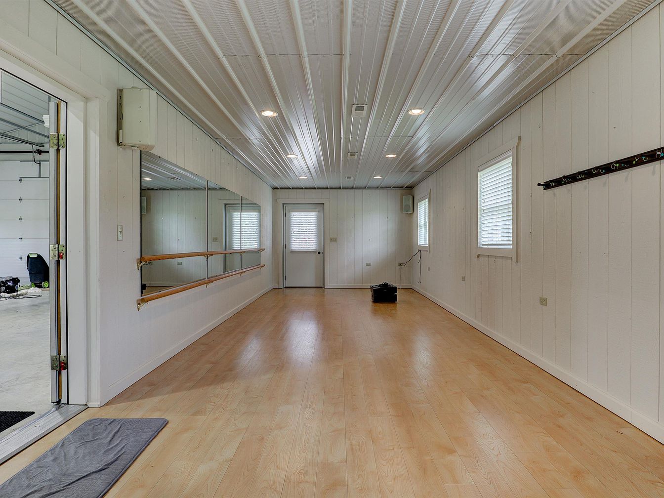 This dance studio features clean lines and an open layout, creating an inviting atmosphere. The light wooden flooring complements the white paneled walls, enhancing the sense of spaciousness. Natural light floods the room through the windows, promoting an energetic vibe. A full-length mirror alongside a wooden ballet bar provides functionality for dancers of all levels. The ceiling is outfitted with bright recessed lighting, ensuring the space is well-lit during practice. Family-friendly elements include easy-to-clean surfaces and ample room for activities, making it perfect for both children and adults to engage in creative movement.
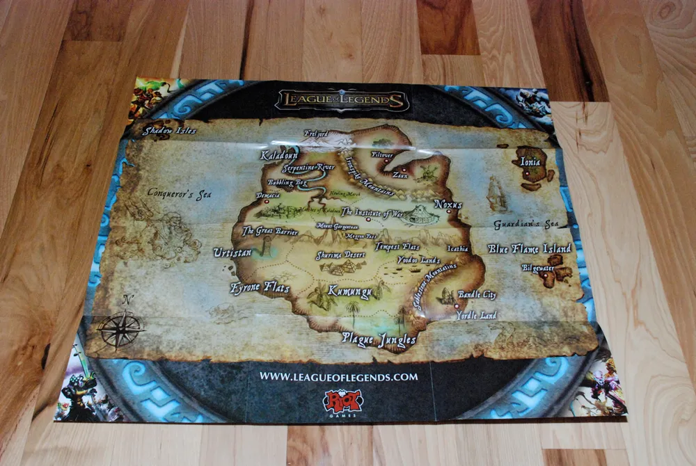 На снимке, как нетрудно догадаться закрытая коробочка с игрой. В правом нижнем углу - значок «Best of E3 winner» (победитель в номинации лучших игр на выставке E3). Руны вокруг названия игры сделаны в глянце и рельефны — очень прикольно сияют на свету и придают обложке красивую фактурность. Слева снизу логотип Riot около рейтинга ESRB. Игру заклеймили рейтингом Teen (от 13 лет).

__________

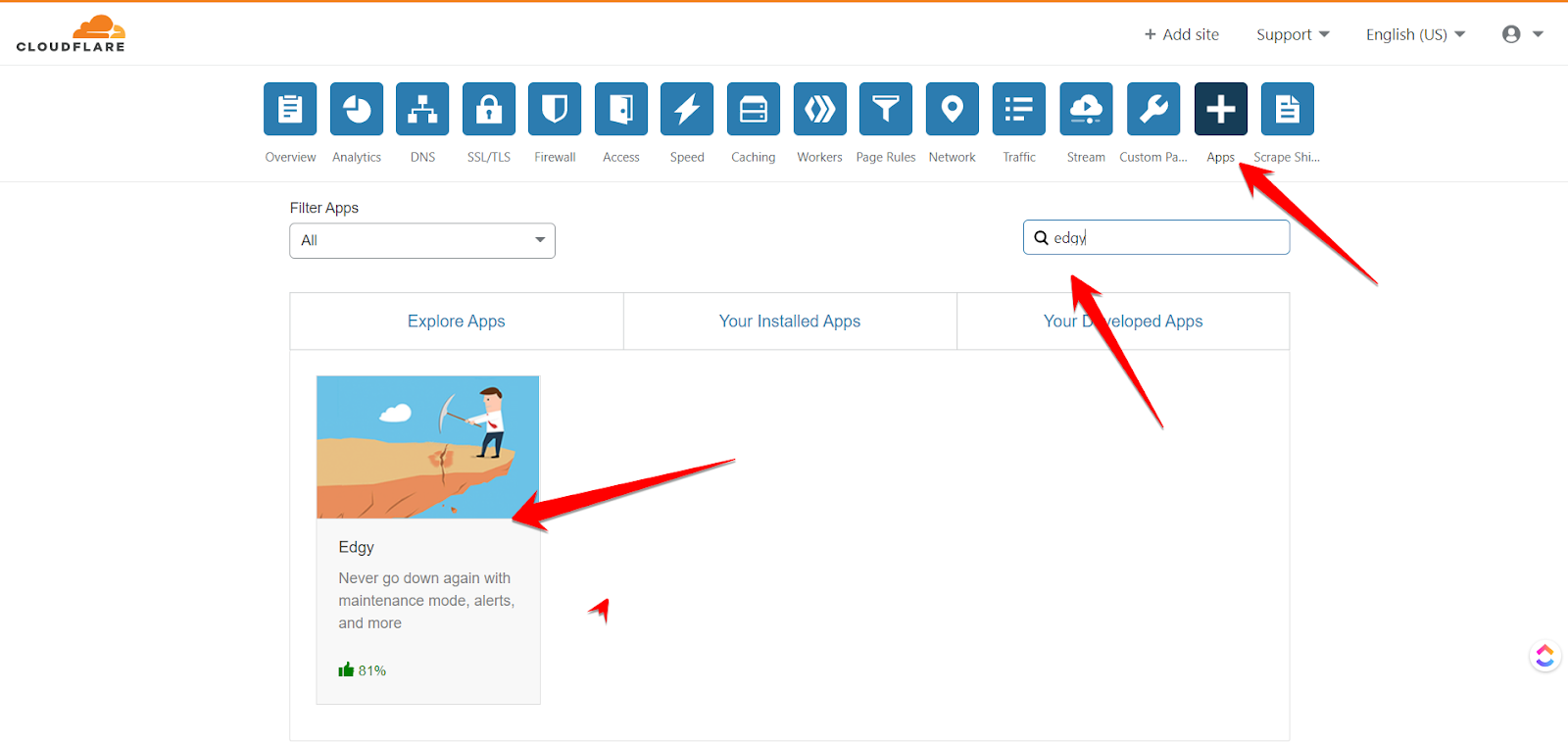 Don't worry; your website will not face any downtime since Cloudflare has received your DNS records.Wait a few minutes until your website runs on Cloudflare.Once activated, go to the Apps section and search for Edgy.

__________

### What needs to be done
Go back to the listing above and reproduce, exactly, the stretch from the line bearing "This dance studio" through the line bearing "На снимке, как", without its pictures.

### Result of this exercise
 This dance studio features clean lines and an open layout, creating an inviting atmosphere. The light wooden flooring complements the white paneled walls, enhancing the sense of spaciousness. Natural light floods the room through the windows, promoting an energetic vibe. A full-length mirror alongside a wooden ballet bar provides functionality for dancers of all levels. The ceiling is outfitted with bright recessed lighting, ensuring the space is well-lit during practice. Family-friendly elements include easy-to-clean surfaces and ample room for activities, making it perfect for both children and adults to engage in creative movement.
 На снимке, как нетрудно догадаться закрытая коробочка с игрой. В правом нижнем углу - значок «Best of E3 winner» (победитель в номинации лучших игр на выставке E3). Руны вокруг названия игры сделаны в глянце и рельефны — очень прикольно сияют на свету и придают обложке красивую фактурность. Слева снизу логотип Riot около рейтинга ESRB. Игру заклеймили рейтингом Teen (от 13 лет).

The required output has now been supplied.